• _What to do_:
Excluding any images, copy all of the lines below precisely as written.

• _Data segment_:
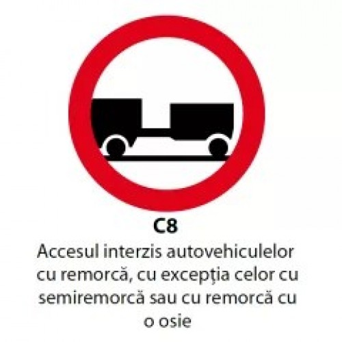 Indicatoare rutiere - Accesul interzis autovehiculelor cu remorcă, cu excepția celor cu semiremorcă sau cu remorcă cu o osie
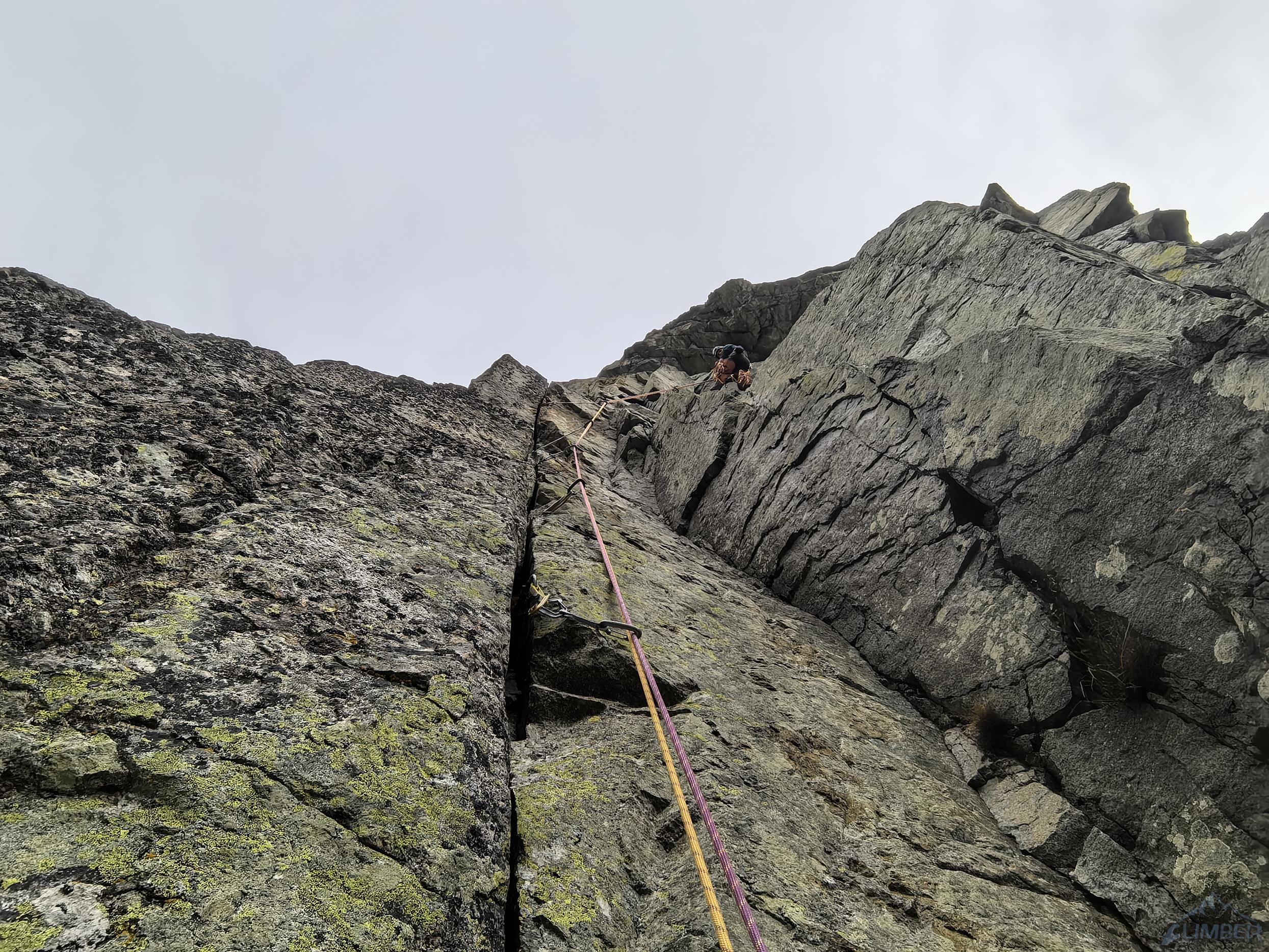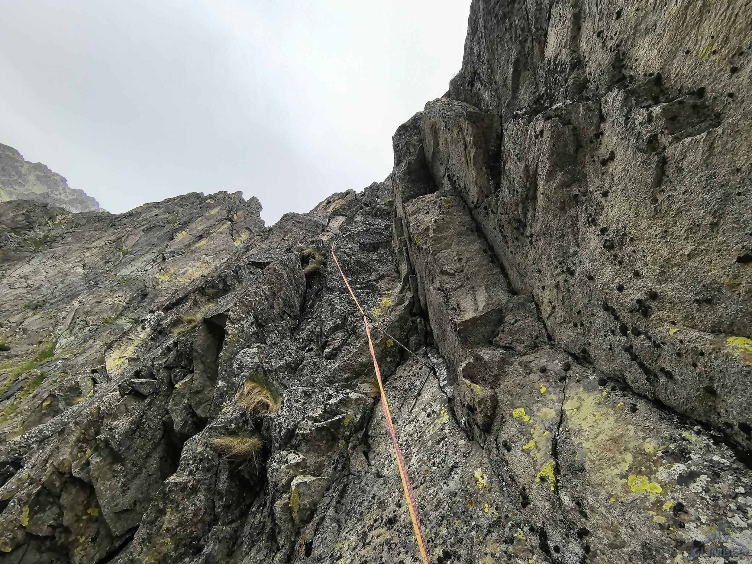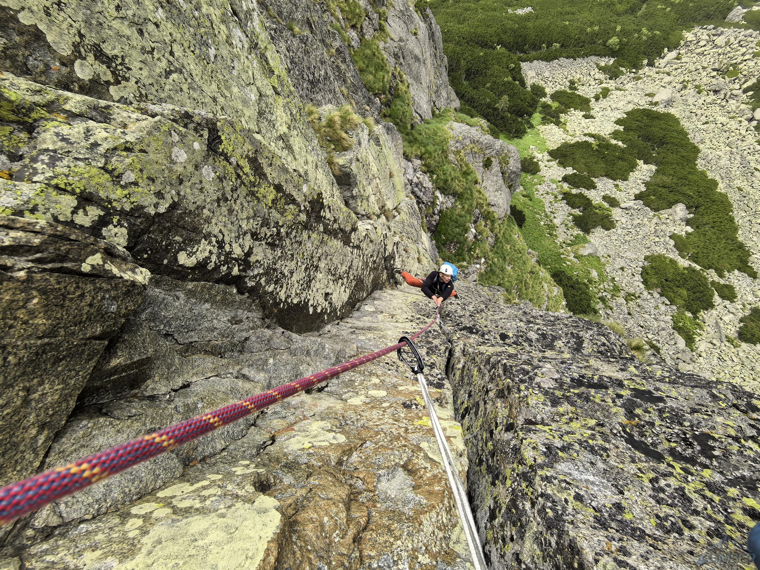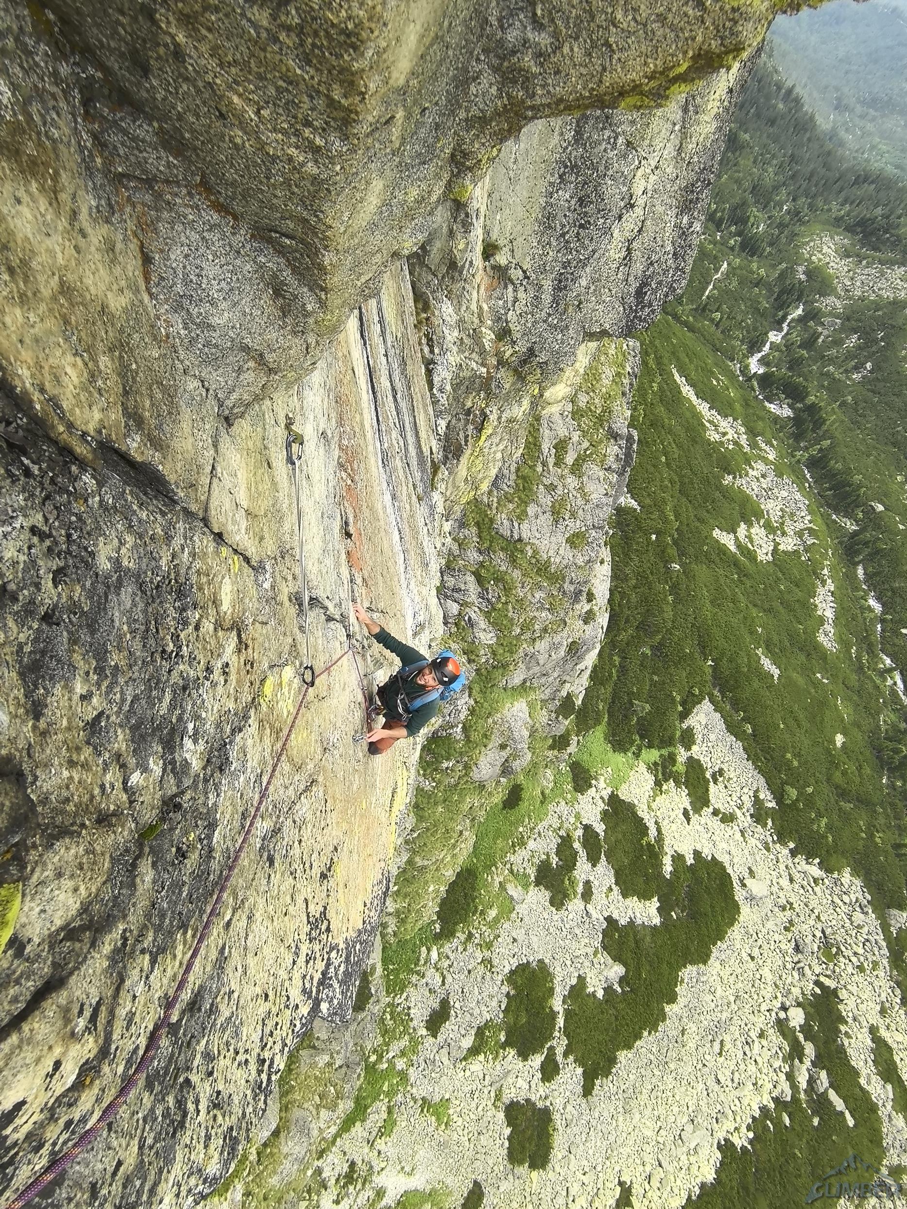 Po re-ekipacji jej autorzy sugerują połączenie kolejnych wyciągów w jeden, zdecydowanie lepiej jednak wspinać się zgodnie z pierwszym przejściem klasycznym. Nad stanowiskiem czeka bowiem wymagająca („słowackie” VI+) szeroka rysa na własnej, a tuż po niej wygodna półka ze spitem i hakiem, z której startujemy w główne trudności drogi. Choć ostrzę sobie zęby na kluczowy wyciąg, widząc iż Bartek świetnie radzi sobie z początkiem drogi namawiam go by spróbował – i w ten sposób kolega zalicza piękną tatrzańską życiówkę 😊. Zaczynamy od buldera po krawądkach (VIII-, hak i spit), po którym czeka spory run-out do drugiego stałego punktu (VI+) i podejście wzdłuż zacięcia do drugiego cruxa – wąskiego okapiku z ryską (VIII-, hak pod nim). Po wyjściu z trudności pozostają 2-3 metry do wiszącego stanowiska. Warto wspomnieć że pod okapikiem z lewej strony dochodzi inna piękna, ale trudniejsza już (VIII+) droga P.S. Hrana.
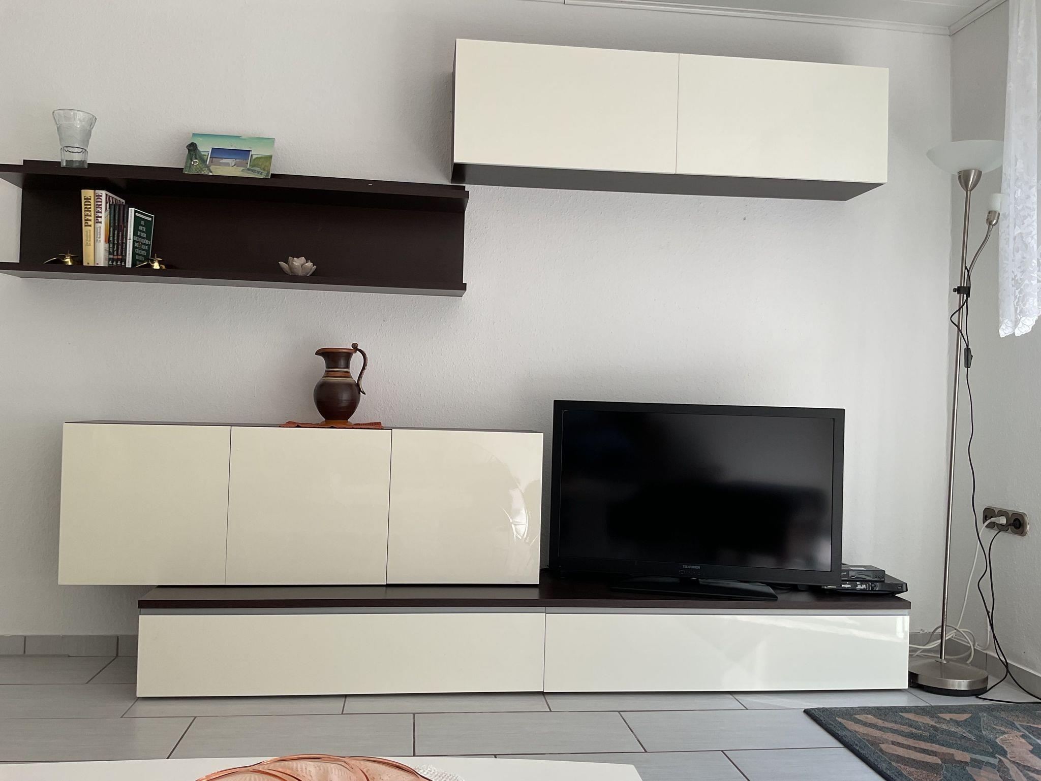 Separate Küche mit gut ausgestatteter hochwertiger Einbauküche mit 4-Plattenherd mit Ceranfeld und Backofen, Kühlschrank mit Gefrierfach, Spülmaschine, Microwelle, etc.. Esstisch mit Bestuhlung. Mini-Stereoanlage.
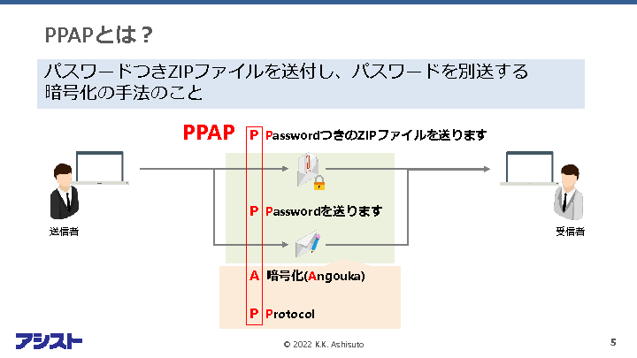 パスワードで暗号化したファイルをメール添付で送信し、そのあと別のメールでパスワードを送る、いわゆる「PPAP」が多くの日本企業でファイル共有の手段として用いられてきました。

• _Exercise answer_:
 Indicatoare rutiere - Accesul interzis autovehiculelor cu remorcă, cu excepția celor cu semiremorcă sau cu remorcă cu o osie
 Po re-ekipacji jej autorzy sugerują połączenie kolejnych wyciągów w jeden, zdecydowanie lepiej jednak wspinać się zgodnie z pierwszym przejściem klasycznym. Nad stanowiskiem czeka bowiem wymagająca („słowackie” VI+) szeroka rysa na własnej, a tuż po niej wygodna półka ze spitem i hakiem, z której startujemy w główne trudności drogi. Choć ostrzę sobie zęby na kluczowy wyciąg, widząc iż Bartek świetnie radzi sobie z początkiem drogi namawiam go by spróbował – i w ten sposób kolega zalicza piękną tatrzańską życiówkę 😊. Zaczynamy od buldera po krawądkach (VIII-, hak i spit), po którym czeka spory run-out do drugiego stałego punktu (VI+) i podejście wzdłuż zacięcia do drugiego cruxa – wąskiego okapiku z ryską (VIII-, hak pod nim). Po wyjściu z trudności pozostają 2-3 metry do wiszącego stanowiska. Warto wspomnieć że pod okapikiem z lewej strony dochodzi inna piękna, ale trudniejsza już (VIII+) droga P.S. Hrana.
 Separate Küche mit gut ausgestatteter hochwertiger Einbauküche mit 4-Plattenherd mit Ceranfeld und Backofen, Kühlschrank mit Gefrierfach, Spülmaschine, Microwelle, etc.. Esstisch mit Bestuhlung. Mini-Stereoanlage.
 パスワードで暗号化したファイルをメール添付で送信し、そのあと別のメールでパスワードを送る、いわゆる「PPAP」が多くの日本企業でファイル共有の手段として用いられてきました。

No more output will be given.